Afirmó que al resolver el recurso horizontal, informó a la parte demandada que «hasta tanto no quede en firme el auto de fecha 24 de julio de 2015, a través del cual se dispuso obedecer lo resuelto por el Tribunal Superior mediante providencia adiada 22 de junio de 2015, no es posible elaborar los oficios de levantamiento de medidas cautelares», sin embargo, en auto del 8 de octubre de 2015, y una vez reexaminó el expediente, dejó sin efectos esa decisión y ordenó a la Oficina de Ejecución realizar los «oficios correspondientes». [Folios 95-97, c. 1]
A su turno, María del Pilar Plata Arrieta y Deker Johan Plata Rincón, expresaron que aún el Tribunal no se ha pronunciado sobre la «temática relacionada con la exigencia de reestructurar el crédito cobrado en un juicio como requisito para adelantar la ejecución para ver si debe terminarse el proceso y levantarse las medidas por sentencia SU 813 de 2007, o se exceptúa de darse por terminado por el precedente constitucional SU 787 de 2012», ni proferido sentencia, tal y como se ordenó en el fallo de tutela.
4. En proveído de 19 de octubre de 2015, se decretaron las pruebas del incidente, teniendo como tales los documentos aportados a la actuación. [Folio 144, c.1]

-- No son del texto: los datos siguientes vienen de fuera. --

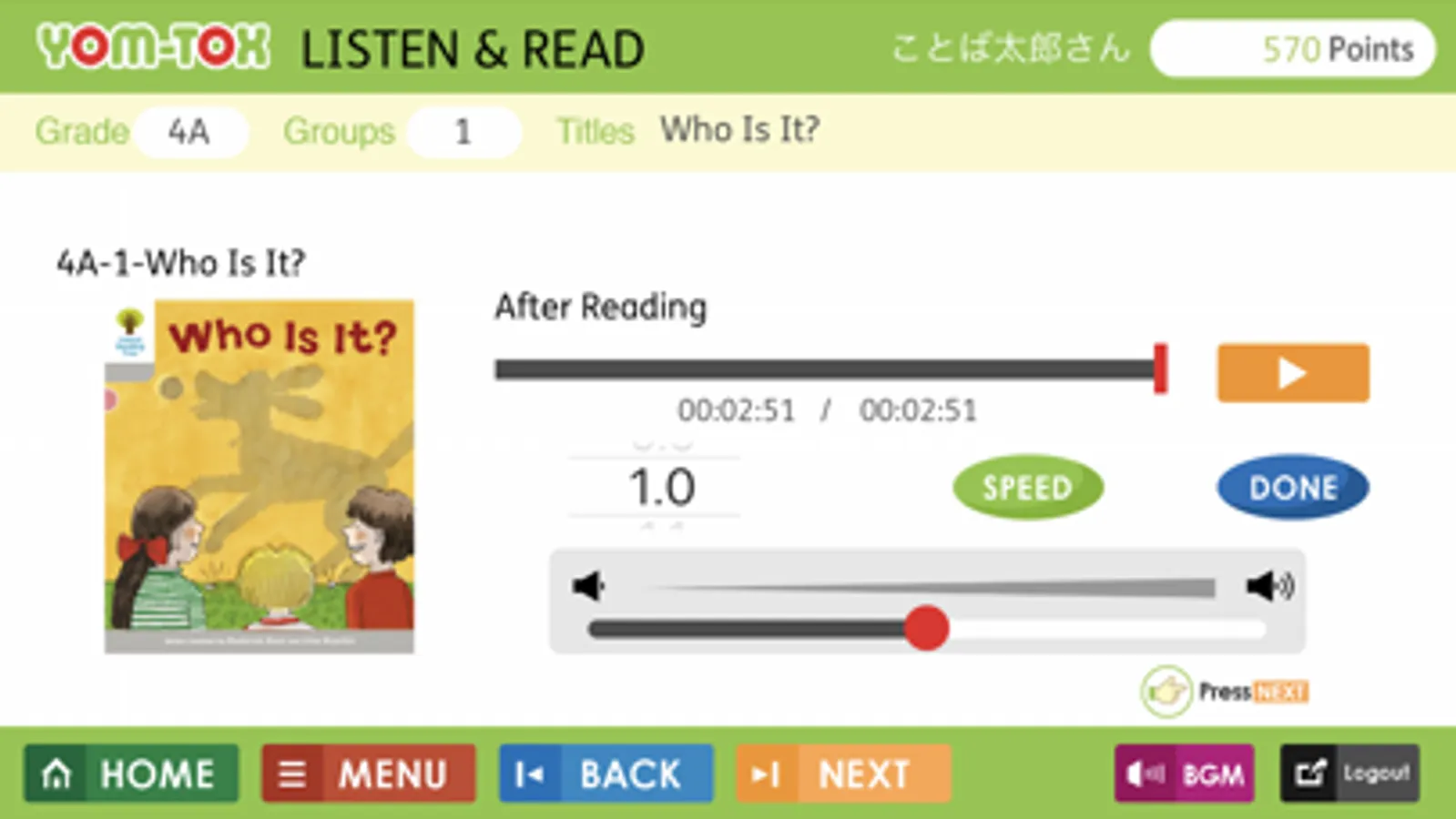 「英語学習専用アプリ。OXFORD READING TREE(ORT)216冊のリーディングが可能。倍速変換機能を搭載し、0.8倍から3.0倍速までそれぞれのリスニング力にあった倍速変換が可能です。対象年齢・学年は5~15歳(中学生)。リーディングのほかに、動画による解説や、単語学習機能、家庭学習機能、フォニックス学習機能を搭載。多読を通じて英語を英語のまま理解するリスニング・リーディング力向上に最適のアプリです。」

1. De conformidad con el inciso segundo del artículo 52 del Decreto 2591 de 1991, «la sanción por desacato será impuesta por el mismo juez» que profirió la orden, mediante trámite incidental; en razón a lo cual no existe duda de que la competencia para resolver el incidente propuesto está radicada en cabeza del mismo juzgador o sentenciador que resolvió la tutela a favor de su promotor, salvedad hecha de las órdenes de protección impartidas con ocasión de la impugnación formulada contra el fallo denegatorio del amparo, porque en tal caso, la resolución de la actuación incidental corresponde al juzgador de la primera instancia.
2. Inicialmente debe afirmarse, como materia propia de este especial trámite, que un fallo proferido en virtud de una acción de tutela no sólo goza de la fuerza vinculante propia de toda decisión judicial, sino que, al encontrar fundamento directo en la Carta Política y estar consagrada aquélla de modo específico para la guarda y protección de los derechos fundamentales de rango constitucional, se reclama la aplicación urgente e integral de lo ordenado, comprometiendo, a partir de su notificación, la responsabilidad del sujeto pasivo de ese mandato judicial, por lo que está obligado a su cumplimiento, so pena de incurrir en las sanciones de ley.
Por su especial carácter, al juez que conoce del desacato no le es lícito volver sobre las valoraciones que fueron objeto de debate en el trámite constitucional, pues reviviría una controversia concluida, de ahí que su actuación se encuentre delimitada por la parte resolutiva de la decisión que se acusa incumplida, limitación con la que, entonces, le corresponde constatar los aspectos relacionados con el destinatario de la orden de protección, su contenido y el término otorgado para su cumplimiento.
Como lo ha comprendido la jurisprudencia, el desacato
«supone una responsabilidad subjetiva del trasgresor, en la medida que es imperativo apreciar, no solo el incumplimiento, sino, también, las condiciones en las que éste se produjo, vale decir, el descuido o negligencia que le sean imputables, a través de juicios valorativos que den cuenta de su ánimo rebelde.» (CSJ. ATC 14 sep. 2009. rad. 01417-00)
3. La sanción, entonces, está llamada a imponerse cuando el destinatario de la tutela no cumpliere la orden que se le imparte dentro del término señalado en la sentencia. Empero, esa desatención debe estar plenamente demostrada, de forma tal que subjetivamente el accionado haya desobedecido por voluntad propia, por incuria, negligencia o por otra cualquiera razón semejante.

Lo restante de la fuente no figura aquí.